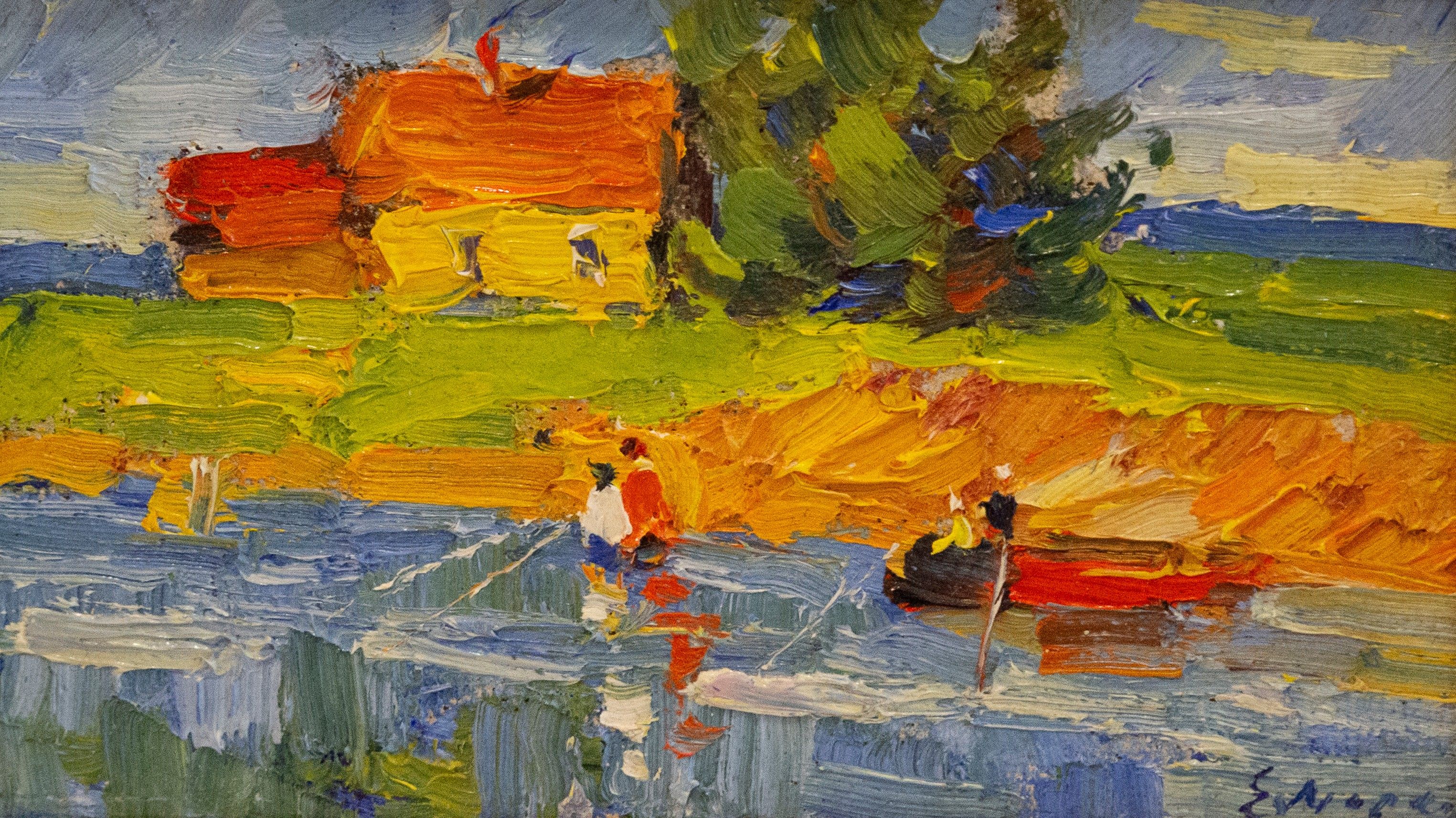 Eugen MARKOV (1939) "Fishermen by the river". Oil on panel signed lower right. 13,5x22cm.
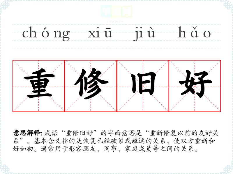 - 演讲:在讨论人际关系或社会和谐时,可以引用“重修旧好”来强调和解的重要性。
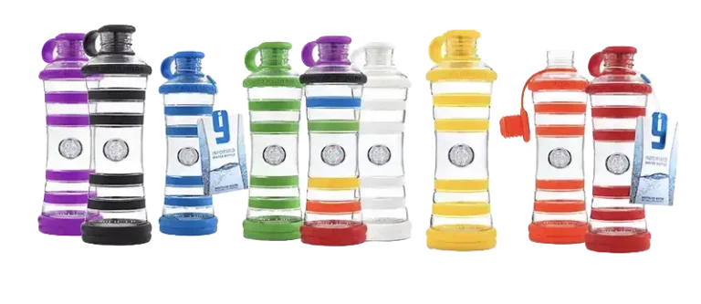 30 ans de recherche et 90 récompenses internationales pour cette bouteille de verre informé par un procédé exclusif et breveté. L’eau restructurée et vitale portable. Propriétés inaltérables, durée de la dynamisation 3h. Contenance : 0.65 L.
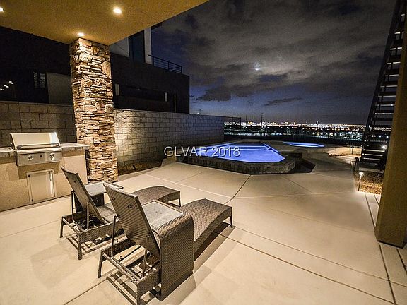 Luxury Estate Former Model in Stunning Sky Terrace PRICED To SELL Quickly! $300K UnderValued!Immaculate, Move-In Ready!Enjoy Panoramic views of spectacular sunsets,LV Strip lights & adjacent mountains from every room inside & outside making Indoor/Outdoor Living at its Finest.Gated features Huge great room,family room,designer kitchen,dining room,An entertainer's dream,THEATER ROOM; Elevator Option;every bedroom & room has access to the pool/spa!
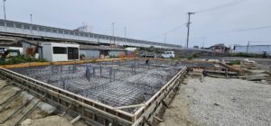 老人ホーム『シエスタ石津』の基礎工事が順調に進んでいます。鉄筋の設置作業が始まり、建物の強度を高めるための重要なステップとなっています。
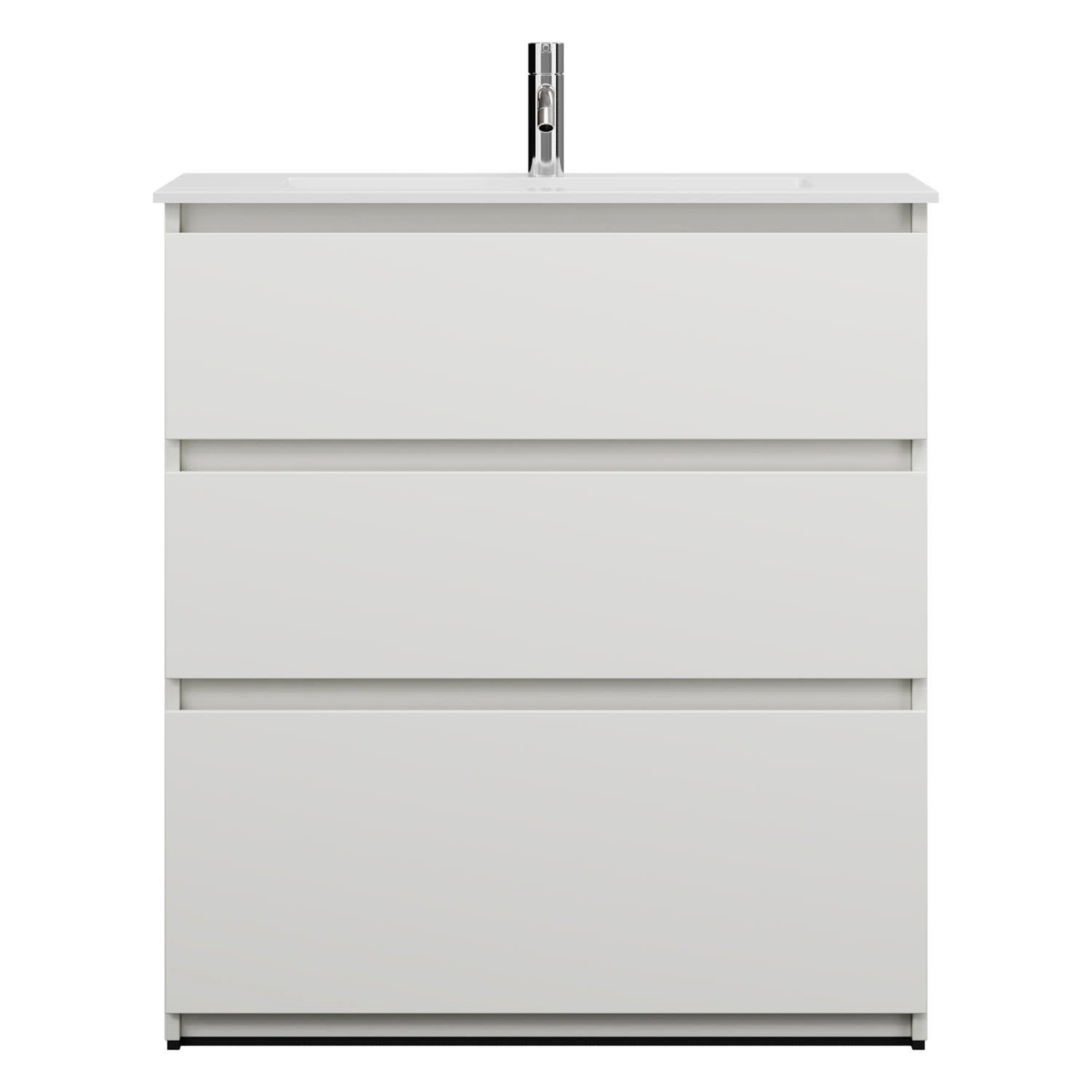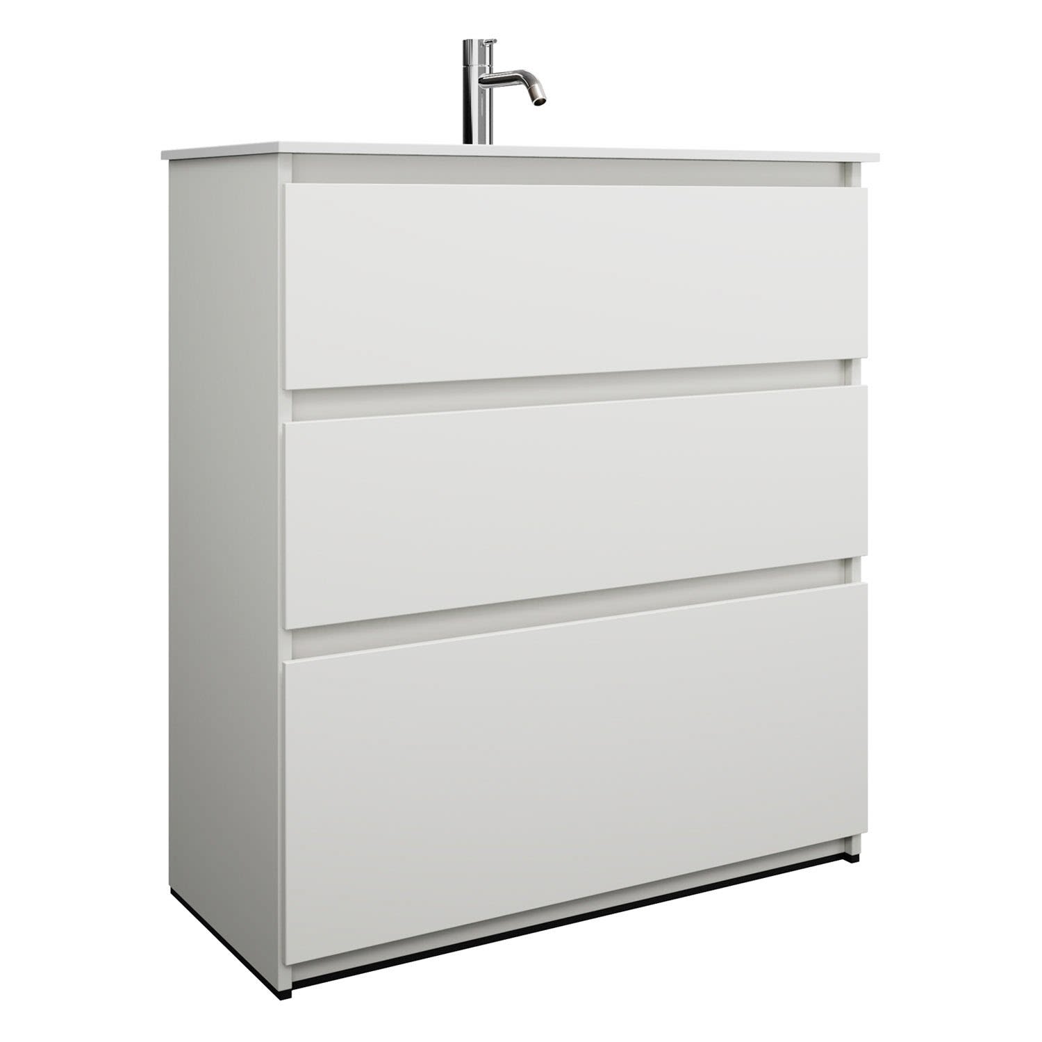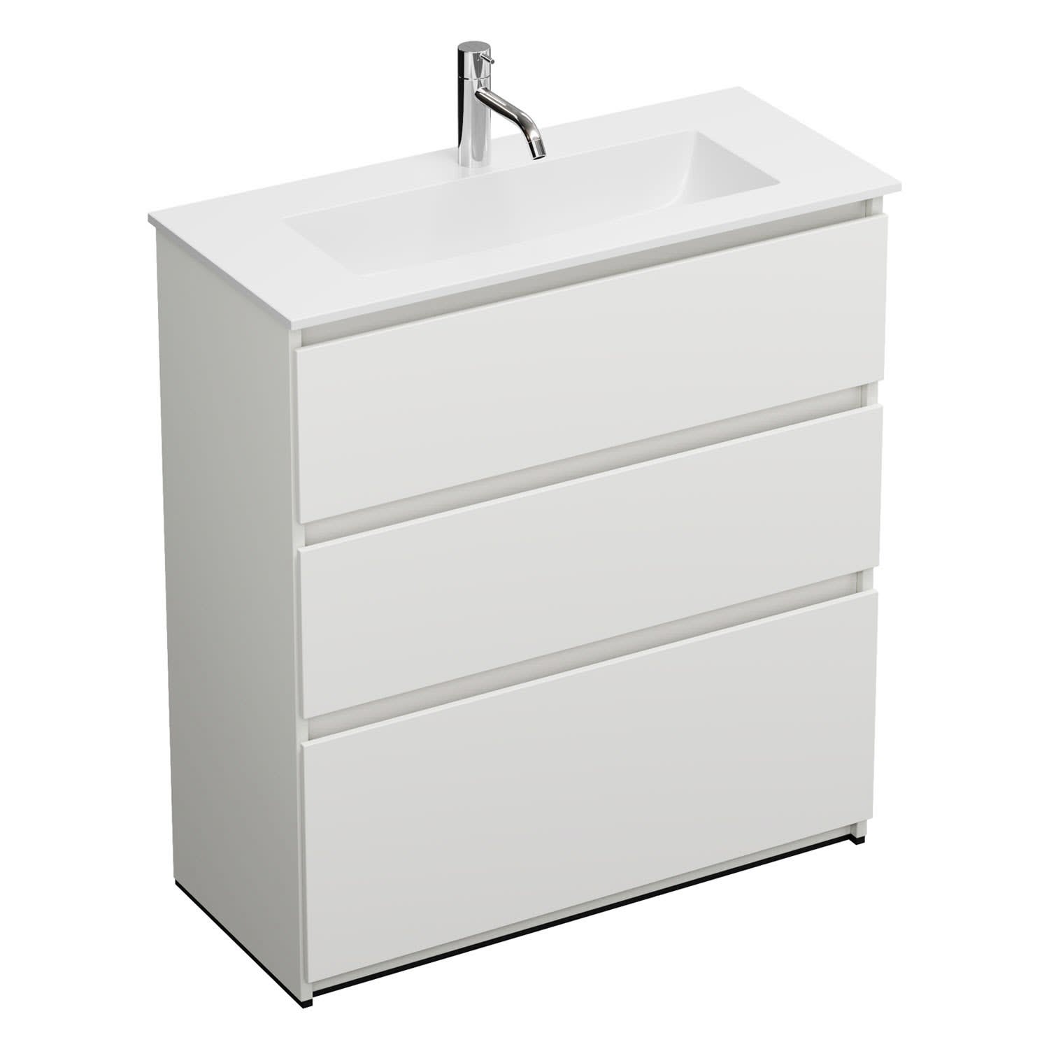 burgbad Lin20 Waschtischunterschrank mit Mineralguss-Waschtisch 82 cm, 3 Auszüge
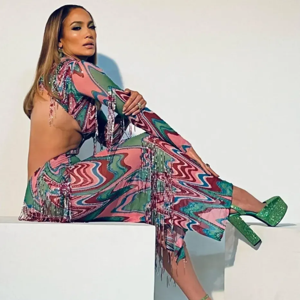 J. Lo-ի հավաքածուի մեջ գերակշռում են վառ գույների զգեստները՝ ծոպերի առատությամբ, գունավոր պրինտներով, փետուրներով, և այլ դեկորներով, ինչպես նաև բարձրակրունկ կոշիկներով:
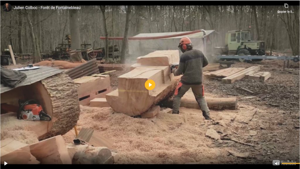 Je viens de terminer un chantier commencé il y a un mois. Il s’agissait de valoriser 2 chênes centenaires en sculpture sur pied et banc sculpté in situ. C’est une commande du CEA centre de Paris Saclay site d’Évry-Courcouronnes 91, dans une parcelle boisée au pied des bâtiments. Ces derniers abritent deux grands centres nationaux de recherche de l’Institut de Biologie François Jacob du CEA : le Centre National de Recherche en Génomique Humaine (CNRGH) spécialiste du séquençage et génotypage pour l’étude des maladies humaines, et le Genoscope, dédié à la génomique environnementale et au développement de solutions biologiques pour remplacer la chimie de synthèse rattachés à l’Institut de biologie François Jacob de la Direction de la Recherche Fondamentale au CEA. J’ai donc proposé de sculpter dans ces arbres une hélice ADN en accord avec les responsables du projet. Du tronc sculpté sur pied émerge une hélice ADN comme une fusion entre l’arbre et la recherche.
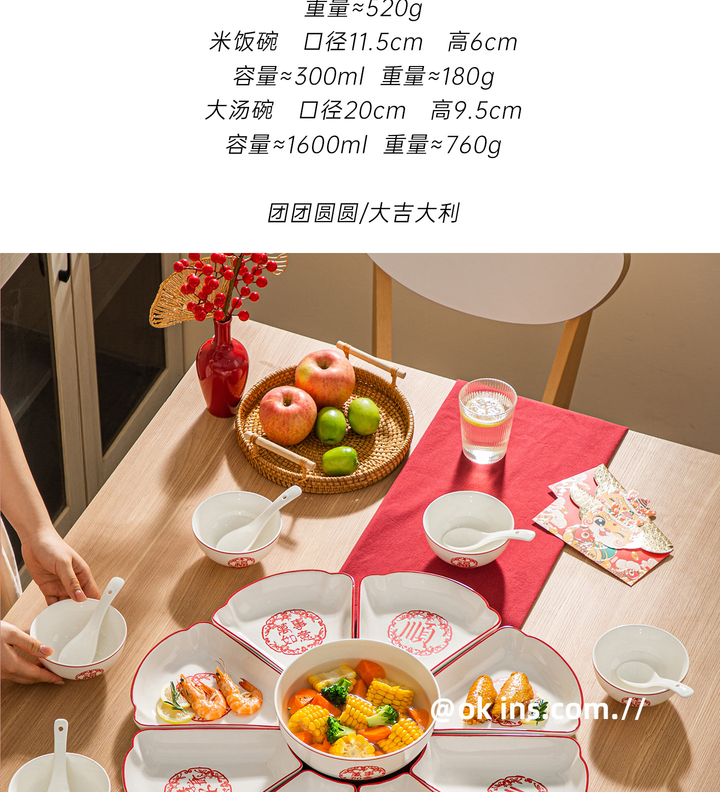 | Color Classification | [Reunion Platter] 8 Plates,[Reunion Platter] 8 Plates and 1 Soup Bowl,【Reunion Platter】8 Plates + 1 Casserole,[Reunion Platter] 8 Plates, 8 Bowls, 8 Spoons, 1 Soup Bowl,【Family Reunion Platter】8 Plates, 8 Bowls, 8 Spoons, 1 Casserole Dish |
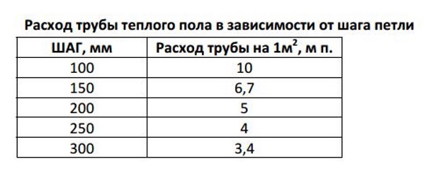 Как показывает практика, в среднем на 1 м2 комнаты уходит 5 м труб, расстояние между витками теплого водяного пола до 30 см. Так же при расчете мощности теплого пола следует учесть «слабые» звенья системы. Это места, где самая высокая потеря тепла, например, окна и дверь, поэтому возле них трубы должны лежать не дальше, чем в 20-25 см. Об этом читайте ниже.

------------------------------

■ WHAT IS NEEDED: The records above are to be copied exactly, without their pictures.

■ SOLUTION TO THE EXERCISE:
 Eugen MARKOV (1939) "Fishermen by the river". Oil on panel signed lower right. 13,5x22cm.
 - 演讲:在讨论人际关系或社会和谐时,可以引用“重修旧好”来强调和解的重要性。
 30 ans de recherche et 90 récompenses internationales pour cette bouteille de verre informé par un procédé exclusif et breveté. L’eau restructurée et vitale portable. Propriétés inaltérables, durée de la dynamisation 3h. Contenance : 0.65 L.
 Luxury Estate Former Model in Stunning Sky Terrace PRICED To SELL Quickly! $300K UnderValued!Immaculate, Move-In Ready!Enjoy Panoramic views of spectacular sunsets,LV Strip lights & adjacent mountains from every room inside & outside making Indoor/Outdoor Living at its Finest.Gated features Huge great room,family room,designer kitchen,dining room,An entertainer's dream,THEATER ROOM; Elevator Option;every bedroom & room has access to the pool/spa!
 老人ホーム『シエスタ石津』の基礎工事が順調に進んでいます。鉄筋の設置作業が始まり、建物の強度を高めるための重要なステップとなっています。
 burgbad Lin20 Waschtischunterschrank mit Mineralguss-Waschtisch 82 cm, 3 Auszüge
 J. Lo-ի հավաքածուի մեջ գերակշռում են վառ գույների զգեստները՝ ծոպերի առատությամբ, գունավոր պրինտներով, փետուրներով, և այլ դեկորներով, ինչպես նաև բարձրակրունկ կոշիկներով:
 Je viens de terminer un chantier commencé il y a un mois. Il s’agissait de valoriser 2 chênes centenaires en sculpture sur pied et banc sculpté in situ. C’est une commande du CEA centre de Paris Saclay site d’Évry-Courcouronnes 91, dans une parcelle boisée au pied des bâtiments. Ces derniers abritent deux grands centres nationaux de recherche de l’Institut de Biologie François Jacob du CEA : le Centre National de Recherche en Génomique Humaine (CNRGH) spécialiste du séquençage et génotypage pour l’étude des maladies humaines, et le Genoscope, dédié à la génomique environnementale et au développement de solutions biologiques pour remplacer la chimie de synthèse rattachés à l’Institut de biologie François Jacob de la Direction de la Recherche Fondamentale au CEA. J’ai donc proposé de sculpter dans ces arbres une hélice ADN en accord avec les responsables du projet. Du tronc sculpté sur pied émerge une hélice ADN comme une fusion entre l’arbre et la recherche.
 | Color Classification | [Reunion Platter] 8 Plates,[Reunion Platter] 8 Plates and 1 Soup Bowl,【Reunion Platter】8 Plates + 1 Casserole,[Reunion Platter] 8 Plates, 8 Bowls, 8 Spoons, 1 Soup Bowl,【Family Reunion Platter】8 Plates, 8 Bowls, 8 Spoons, 1 Casserole Dish |
 Как показывает практика, в среднем на 1 м2 комнаты уходит 5 м труб, расстояние между витками теплого водяного пола до 30 см. Так же при расчете мощности теплого пола следует учесть «слабые» звенья системы. Это места, где самая высокая потеря тепла, например, окна и дверь, поэтому возле них трубы должны лежать не дальше, чем в 20-25 см. Об этом читайте ниже.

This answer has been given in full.